BOONE, N.C. - The monumental upset at No. 5 Michigan was only minutes old when, more than 400 miles away, Appalachian State senior David Rockensuess and a dozen or so other students did what delirious college football fans always do.
They headed for the school's football stadium, climbed the fence, and tore down the goalpost.
Then it really got fun.
Dragging the trophy down the main street in town, their numbers grew. By the time they reached the chancellor's house, a small army had joined in to help.
``There were hundreds of us,'' Rockensuess said. ``There may have been a thousand there at the end.''
The goalpost was still sitting in Chancellor Kenneth Peacock's yard as Rockensuess talked outside a bar across from campus.
Drivers honked horns as they drove by, flags waved and students screamed, ``It's good to be a Mountaineer!''
Fans chanted ``ASU, ASU'' next to trees that were littered with toilet paper.
Drop the 13,000-plus who live in Boone, N.C., in the middle of Ann Arbor, Mich., and they would largely go unnoticed.
On Saturday, however, after Appalachian State's 34-32 win over No. 5 Michigan, the state school, nestled in a sleepy college town in the Blue Ridge Mountains, was the center of the college football universe.

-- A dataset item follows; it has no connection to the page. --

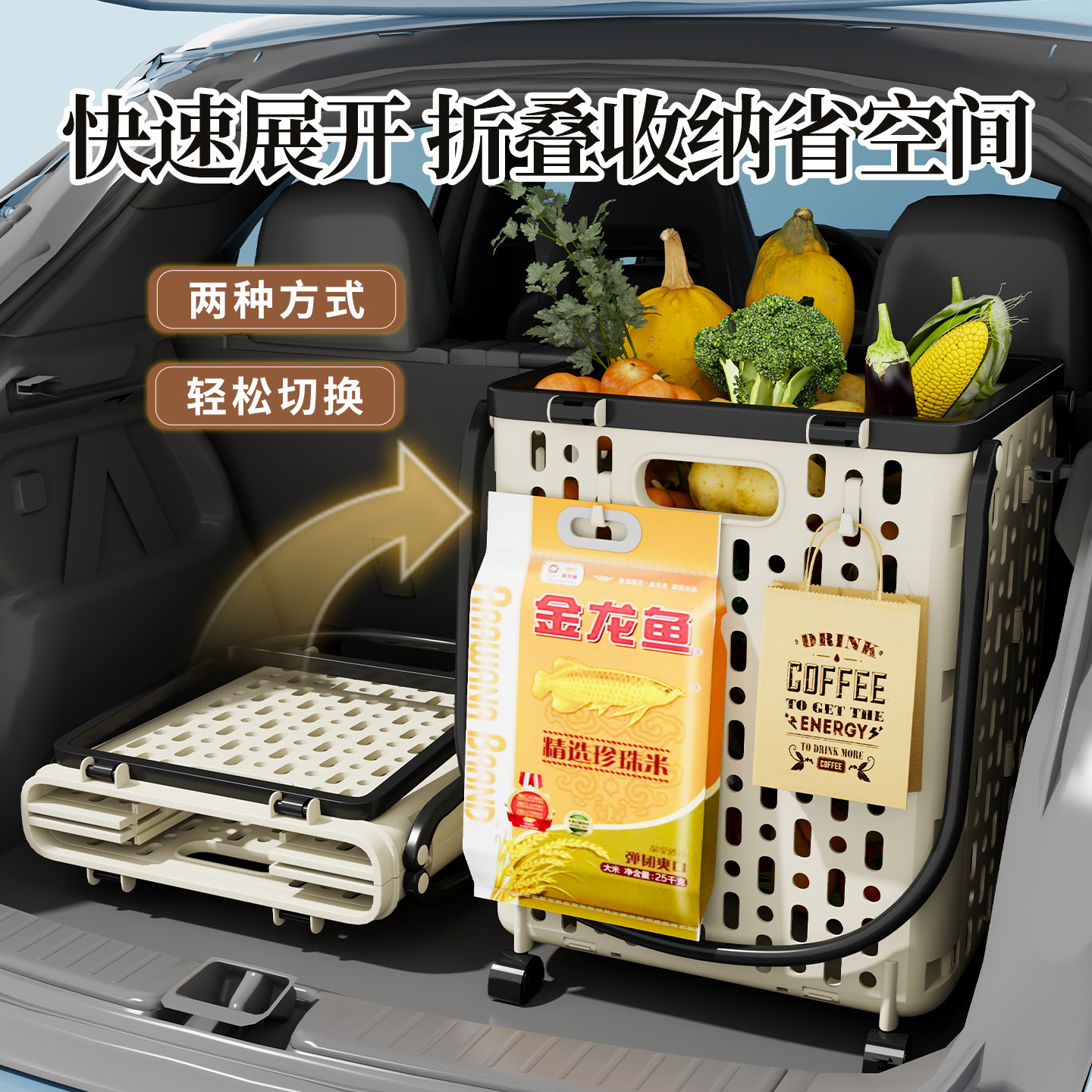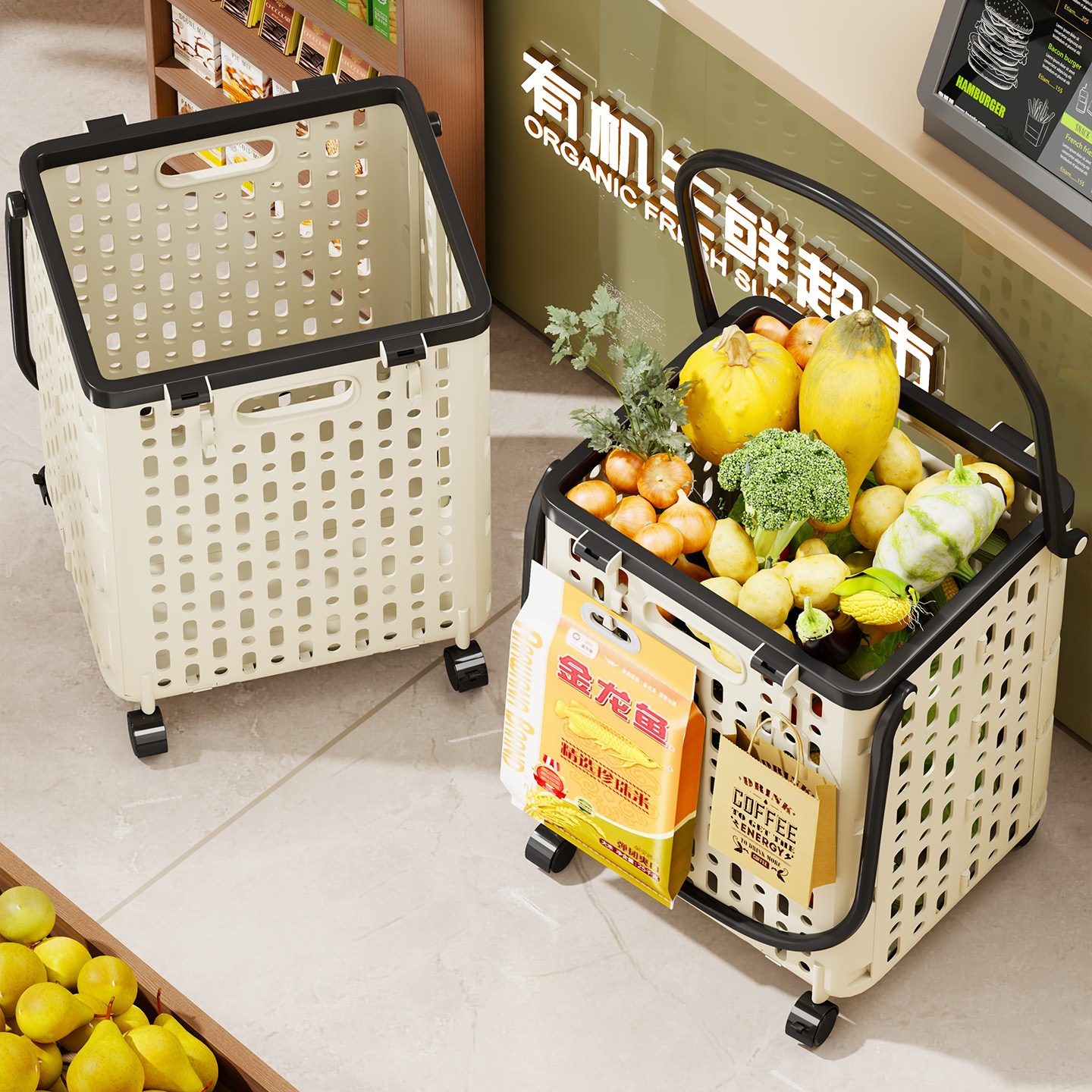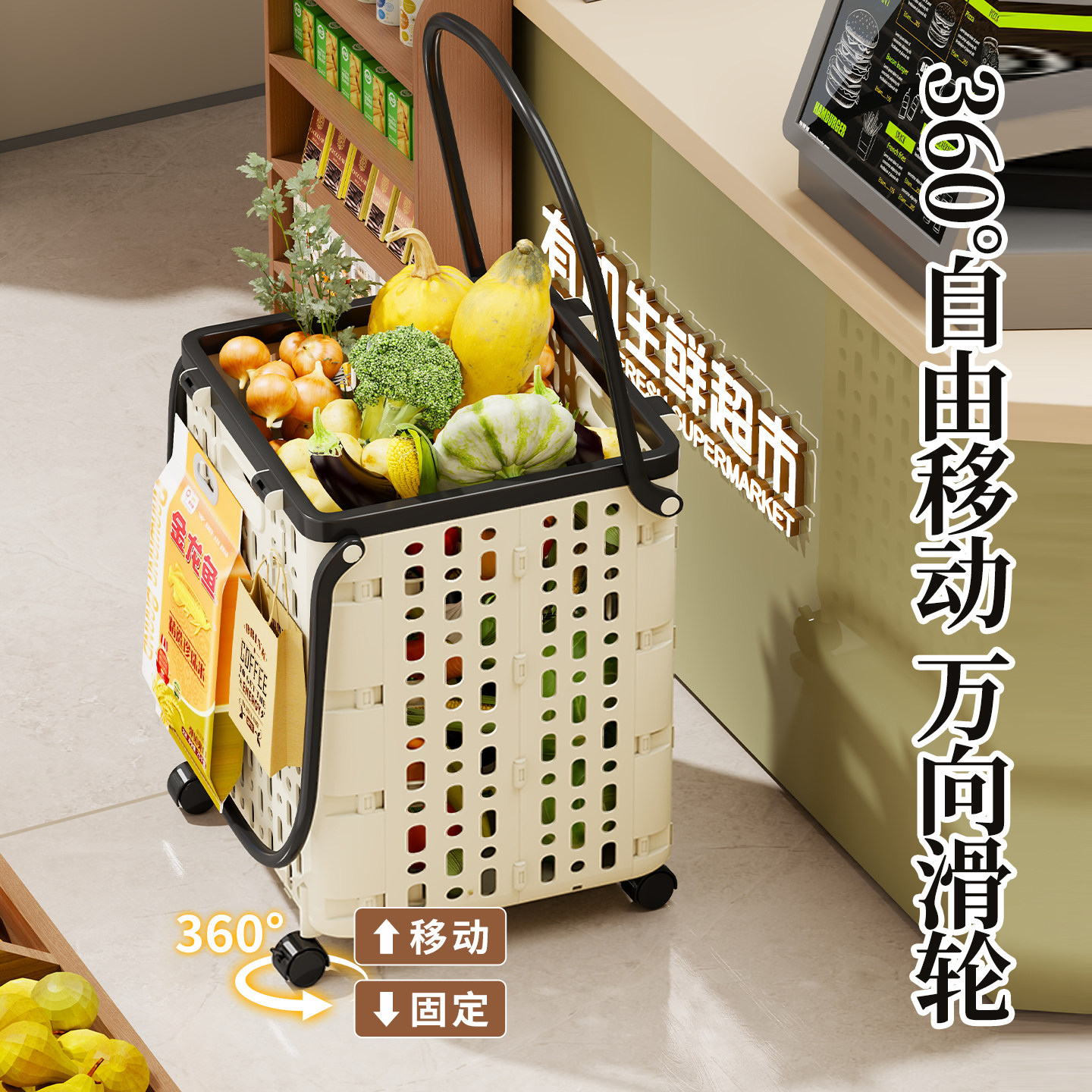 购物袋带轮子可折叠买菜小拉车拖轮便携式大容量推车超市手提袋

Downtown, in between sips of beer from plastic cups, students debated the significance of perhaps the biggest upsets in college football history.

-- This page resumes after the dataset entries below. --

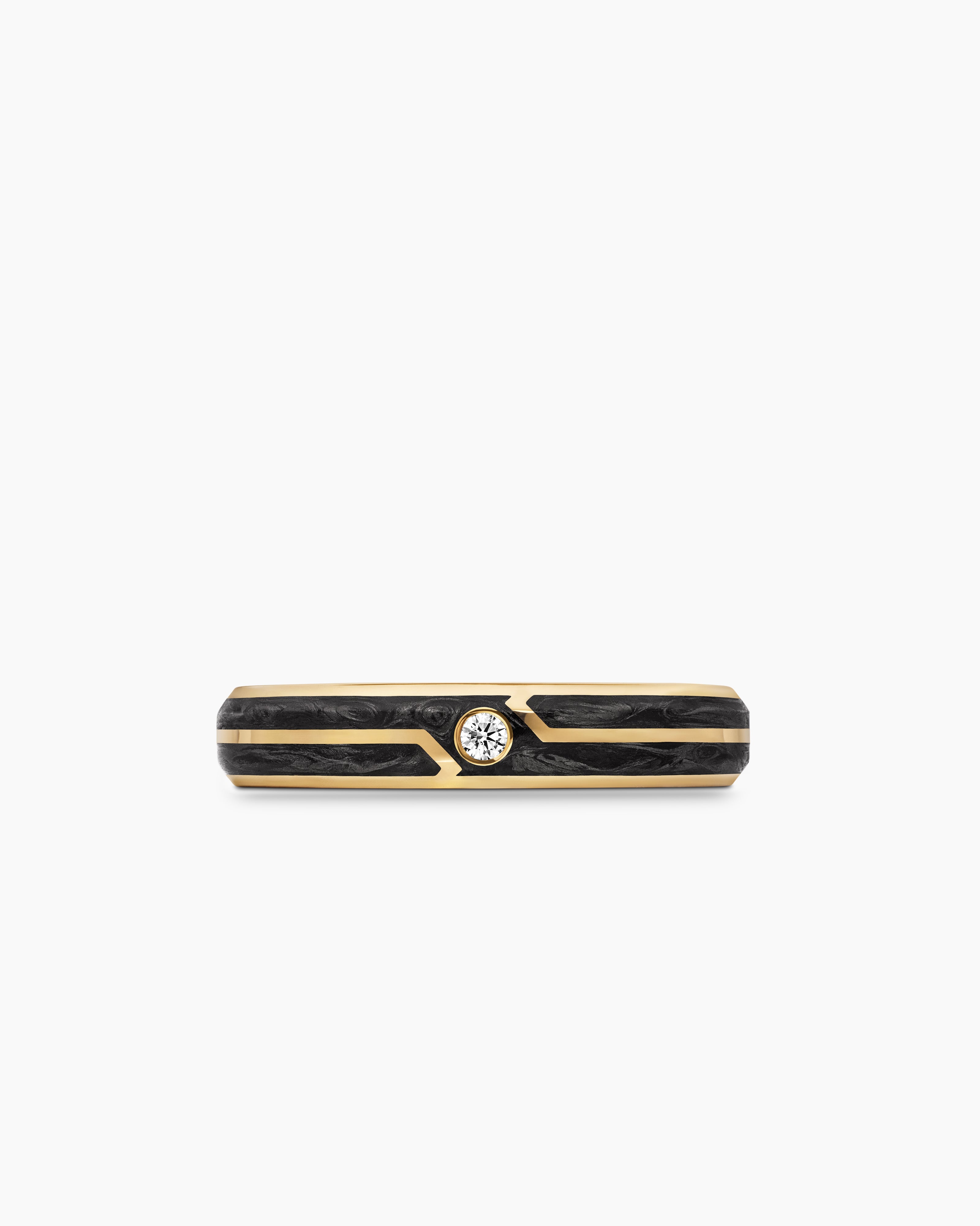 Forged Carbon Band Ring 18K Yellow Gold with Center Diamond, 4mm
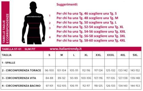 – Taglie disponibili: Tg. S/44-46, Tg. M/48, Tg. L/50, Tg. XL/52-54 Tg.XXL/54-56, Tg. 3XL/56-58, Tg. 4XL/58-60
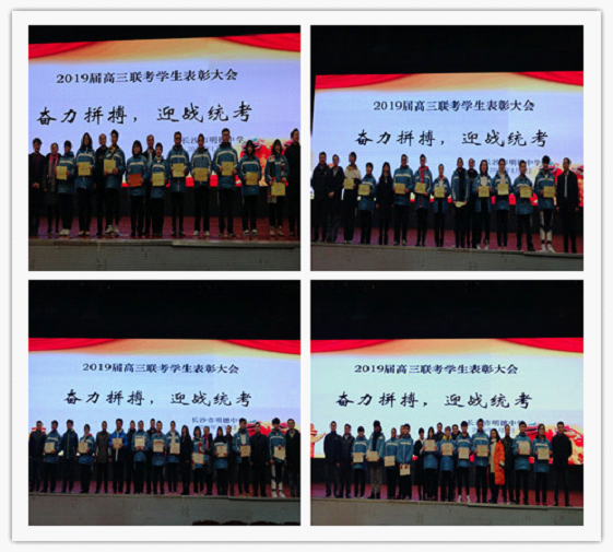 会议首先由教育处蒋灿强主任宣读本次三湘大联考表彰决定,公布了获奖学生名单,并进行了隆重的颁奖仪式。本次颁奖嘉宾由伍卓林副校长、蒋灿强主任、团委刘锦书记、年级组吴永果组长和高三全体班主任组成。

``This is my humble opinion: This is the biggest thing to happen to Boone,'' said senior Zach Williams, who skipped out of work overseeing the tennis courts at a nearby country club to watch the second half.

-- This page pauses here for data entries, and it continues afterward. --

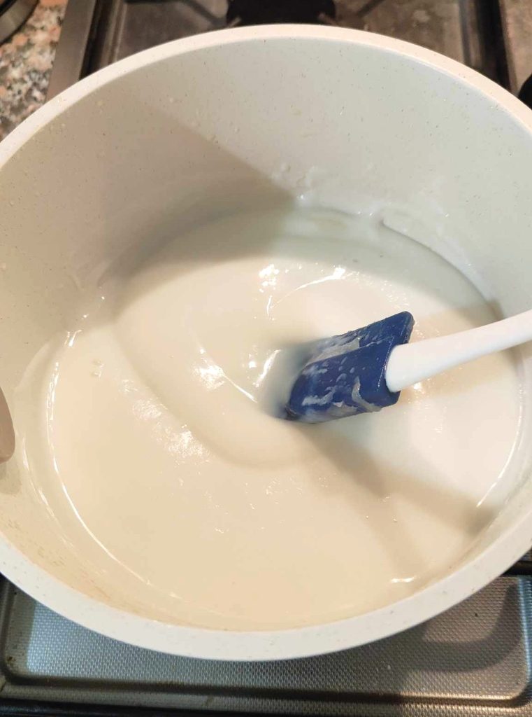 Mettez la casserole sur le feu à feu doux et faites cuire le mélange en remuant avec une spatule ou un fouet, jusqu’à ce qu’il épaississe. Cela prendra environ 3-4 minutes.
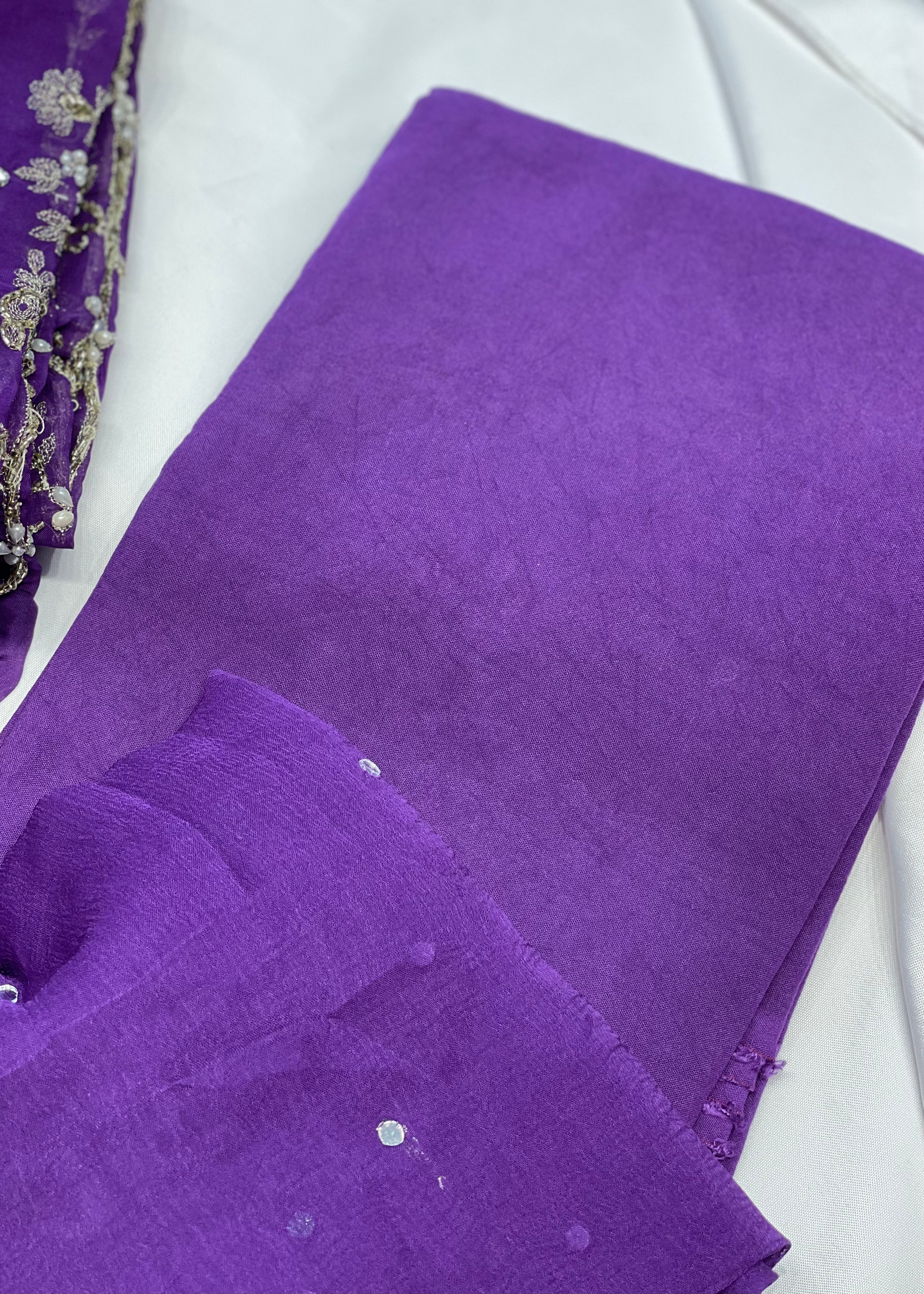 Designer Unstitched suit in deep purple or jamuni shade with threadwork on shirt in peacock pattern.
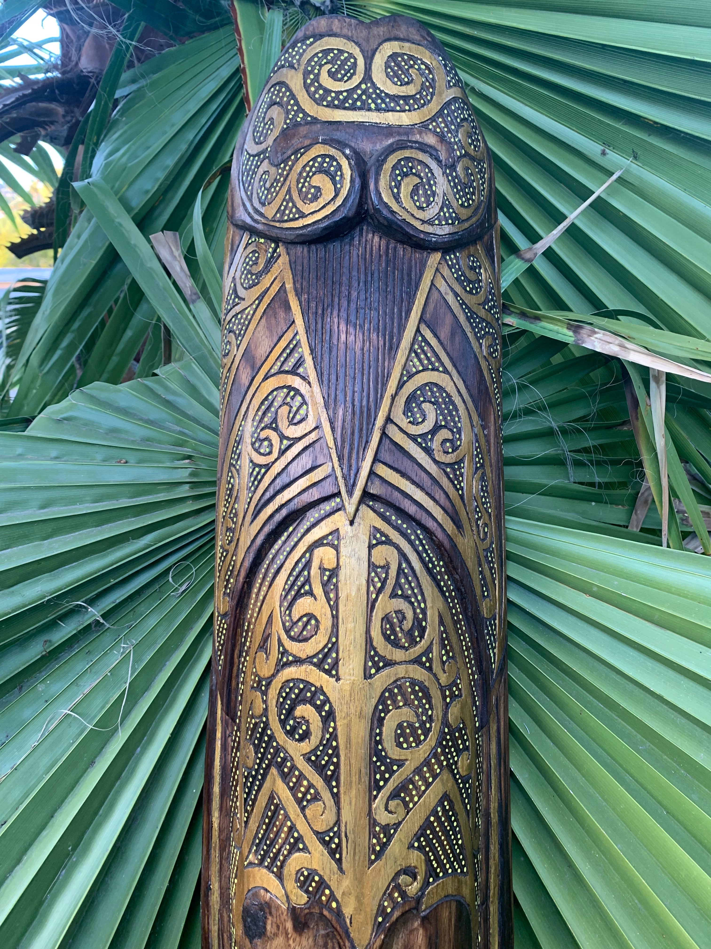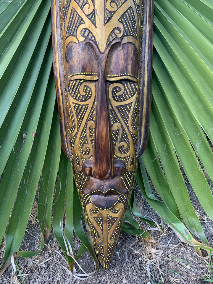 This Primitive Tribal Tiki Mask is a great way to bring some excitement to your home decor. The Maori inspired mask is hand carved and painted with immaculate detail. Would make a great gift, or bring a piece of the islands to your home, patio, or tiki bar! Measures 39”x 8” inches

Considering no Division I-AA had beaten a team ranked in The Associated Press poll from 1989-2006, and it's unlikely that it had ever happened before, that opinion was sure to gain support.
``This the second biggest upset in sports,'' said another student, conceding only the 1980 U.S. Olympic hockey team's upset of the Soviet Union.
As students waited for the team to arrive back in town late Saturday, many felt Appalachian State's win over Michigan, in front of more than 107,000 fans in Ann Arbor, is bigger than the consecutive I-AA national championships won by the Mountaineers the last two years.
Appalachian State has long dominated the Southern Conference and has won 15 straight games, longest in the nation.
Beating a Big Ten team that had national championship aspirations was something altogether different.
Per Frisk of Chapel Hill, N.C., knew Corey Lynch blocked a field goal attempt on the last play three seconds ahead of most of the rest of town.
``I tried to go watch it at the Library and I was sitting in this guy's car in the parking lot,'' Frisk said. ``The radio was 3 seconds faster than the TV, so I heard the kick was blocked and I jumped up and started cheering.
``I realized no one else was cheering. Then 2 seconds later everyone started cheering. And then it blew up, man.''
Cassidy McCorkle, a graduate student from Atlanta, was one of several students not looking to end the party anytime soon as the sun set Saturday night.
``I go to the best college in the world,'' McCorkle said.